What to do —
Your answer should be one number: how many lines of the records hold the string "العهد".

The records —
____

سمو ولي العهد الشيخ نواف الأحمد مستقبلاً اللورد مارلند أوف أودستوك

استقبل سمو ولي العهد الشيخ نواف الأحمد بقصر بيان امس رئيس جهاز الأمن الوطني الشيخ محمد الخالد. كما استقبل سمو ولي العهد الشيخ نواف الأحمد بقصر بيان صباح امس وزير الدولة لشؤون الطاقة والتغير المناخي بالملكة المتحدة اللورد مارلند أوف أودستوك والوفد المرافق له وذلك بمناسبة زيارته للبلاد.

____

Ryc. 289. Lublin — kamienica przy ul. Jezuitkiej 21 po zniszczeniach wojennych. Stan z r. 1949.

____

Finished task —
2